Segment Start: RECORD EXCERPTS
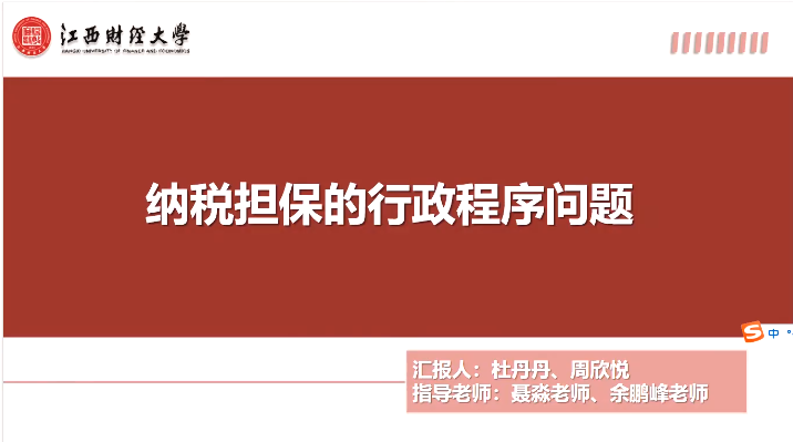 最后由江西财经大学FUN88乐天使杜丹丹同学、周欣悦同学针对“纳税担保中的行政程序问题”主题展开汇报。两位同学主要从法定程序和正当程序两个角度来进行分析。首先是针对税务机关和纳税人对《办法》第25条第三、四款的不同理解;其次通过类案分析归纳出判断标准为纳税担保是否便于实现以及具有可执行性;最后明确纳税担保法定程序缺位会影响纳税争议顺利进入复议程序。从正当程序的角度,税务机关在做出纳税担保不予认定之时应告知相对人并允许其陈述申辩。随后周欣悦同学从实体和程序的角度提出了几点优化建议。
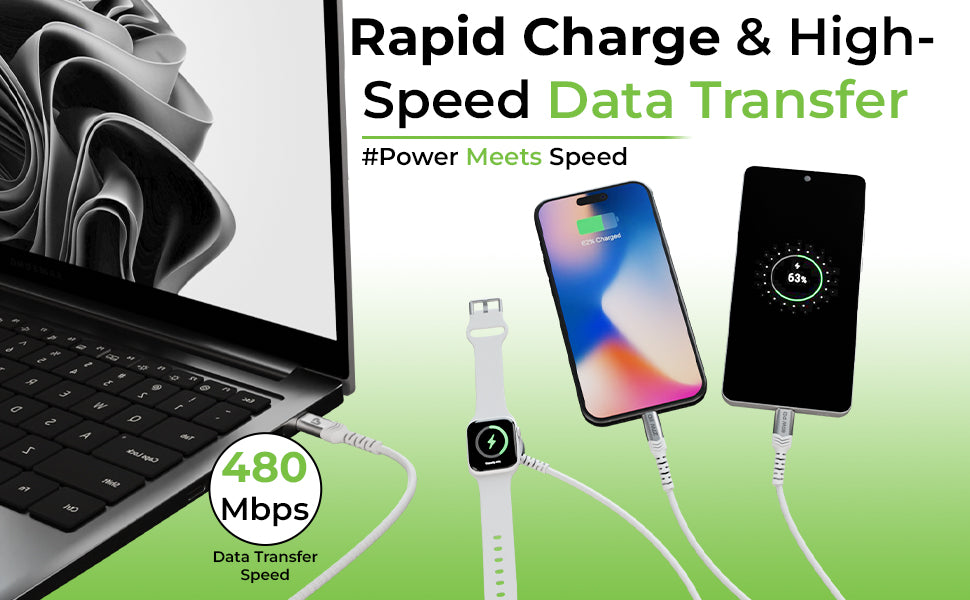 of upto 480Mbps via the USB-C and iPhone connectors. Enables quick file transfers, photo syncing, and seamless data sharing between devices.
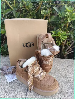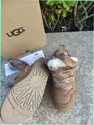 Zapatillas UGG Lowmel en color beige y marrón. Perfectas para un estilo casual y cómodo. - Diseño de caña baja. - Detalle de pelo en el interior. - Cordones anchos con estampado. - Suela gruesa y resistente.
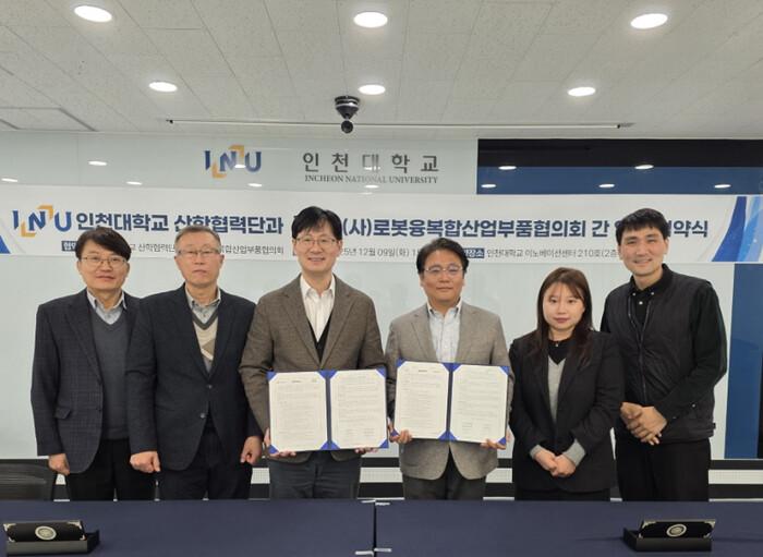 | 인천대 산학협력단과 로봇융복합산업부품협의회간 업무협약 체결행사 참가자들이 포즈를 취하고 있다. (사진=인천대) |
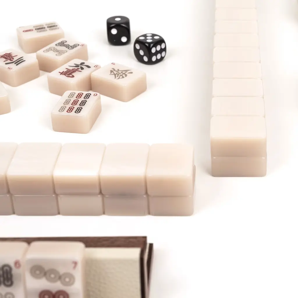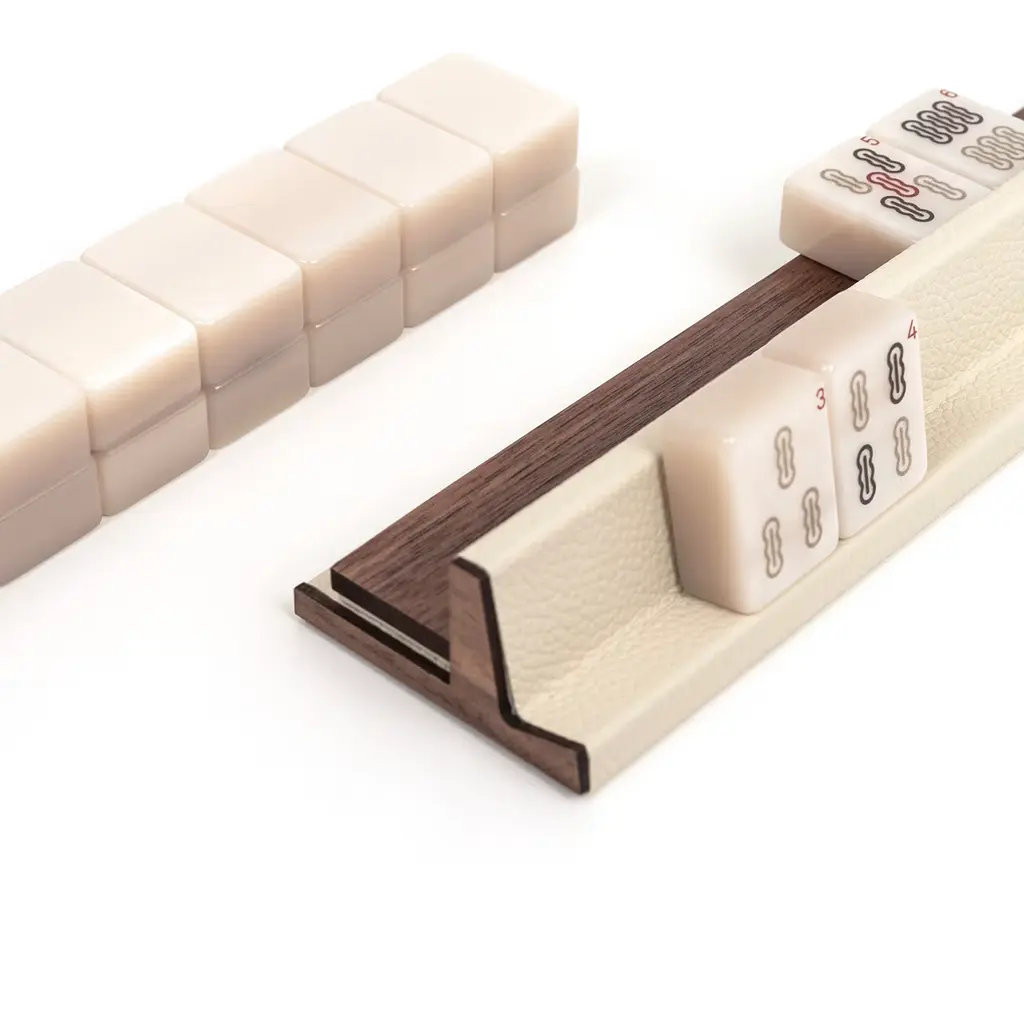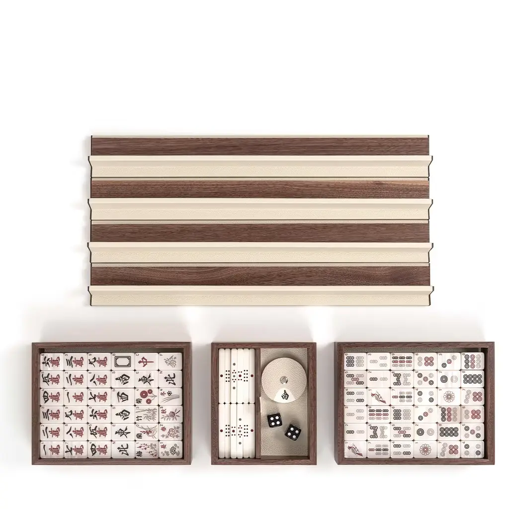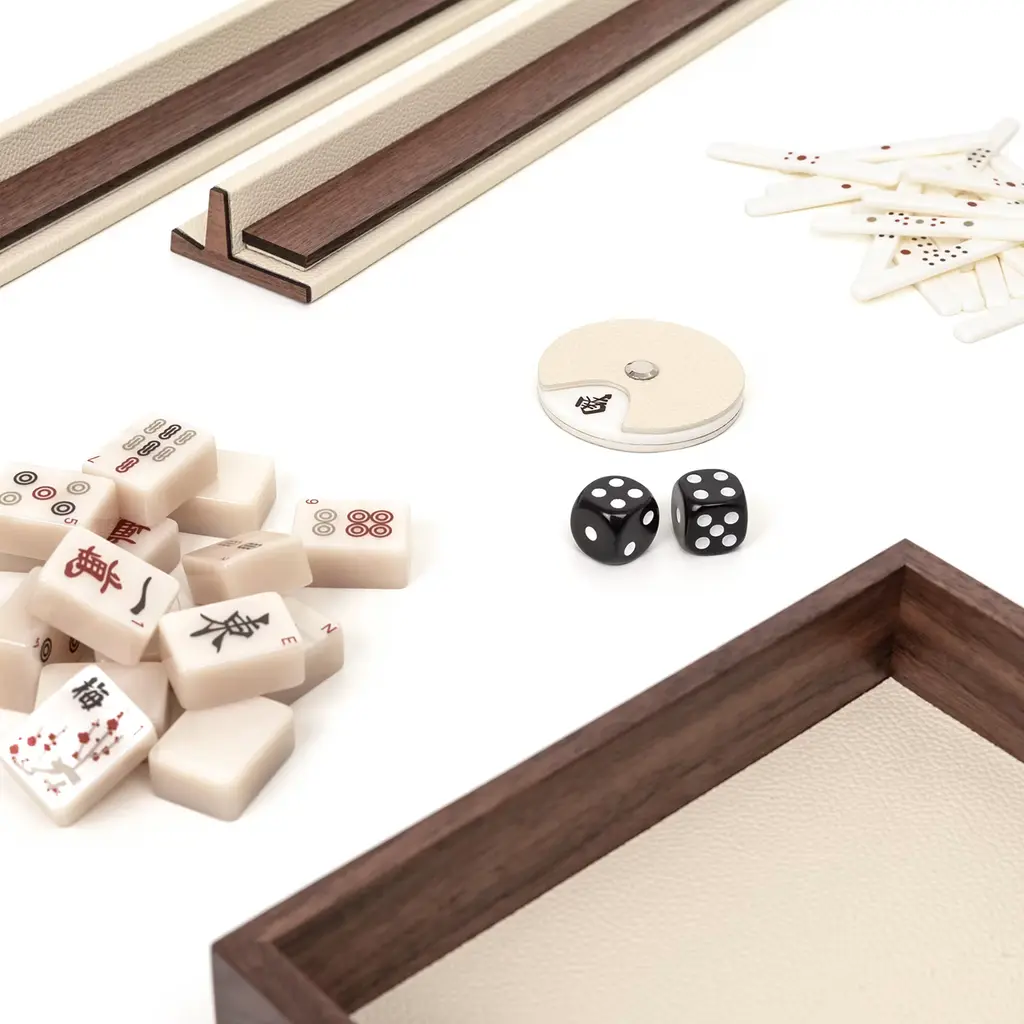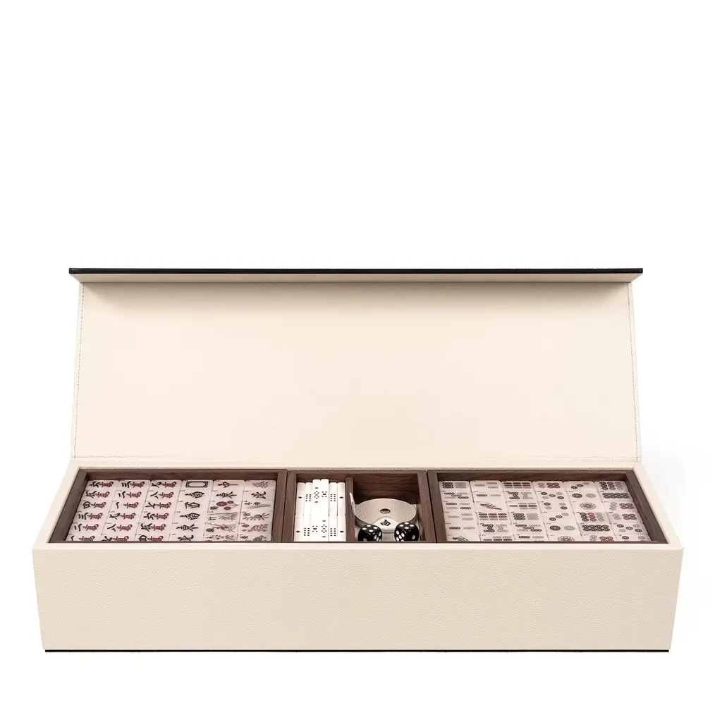A contemporary take on a timeless classic, the Mahjong Board Game by Pinetti is a precious restyling of one of the most popular games in the world. Handcrafted of walnut wood, it features a magnet-equipped lid, and a first-rate cream-colored Cairo leather upholstery. The game set comprises 144 pearled tiles, 88 sticks, four racks and one swivel indicator. Please consult the Concierge for further details.
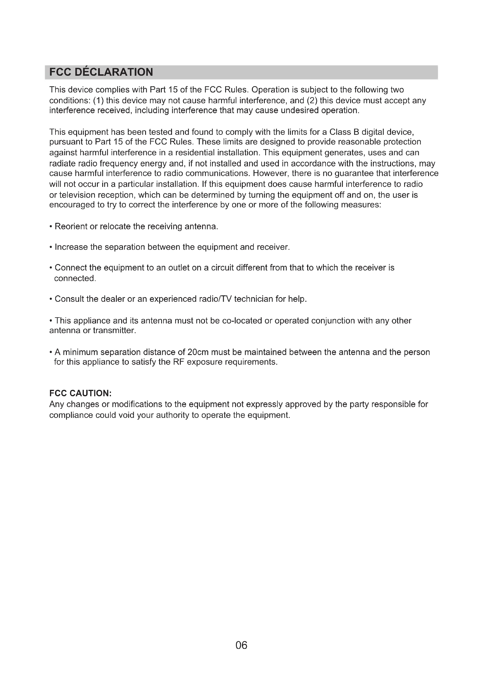 - This appliance and its antenna must not be co-located or operated conjunction with any other antenna or transmitter.
Segment End: RECORD EXCERPTS
• [WHAT YOU HAVE TO DO]
All lines from the start of the entries above through the line containing "of upto 480Mbps" are to be given again exactly; the pictures are not.

• [SOLUTION TO THIS PROBLEM]
 最后由江西财经大学FUN88乐天使杜丹丹同学、周欣悦同学针对“纳税担保中的行政程序问题”主题展开汇报。两位同学主要从法定程序和正当程序两个角度来进行分析。首先是针对税务机关和纳税人对《办法》第25条第三、四款的不同理解;其次通过类案分析归纳出判断标准为纳税担保是否便于实现以及具有可执行性;最后明确纳税担保法定程序缺位会影响纳税争议顺利进入复议程序。从正当程序的角度,税务机关在做出纳税担保不予认定之时应告知相对人并允许其陈述申辩。随后周欣悦同学从实体和程序的角度提出了几点优化建议。
 of upto 480Mbps via the USB-C and iPhone connectors. Enables quick file transfers, photo syncing, and seamless data sharing between devices.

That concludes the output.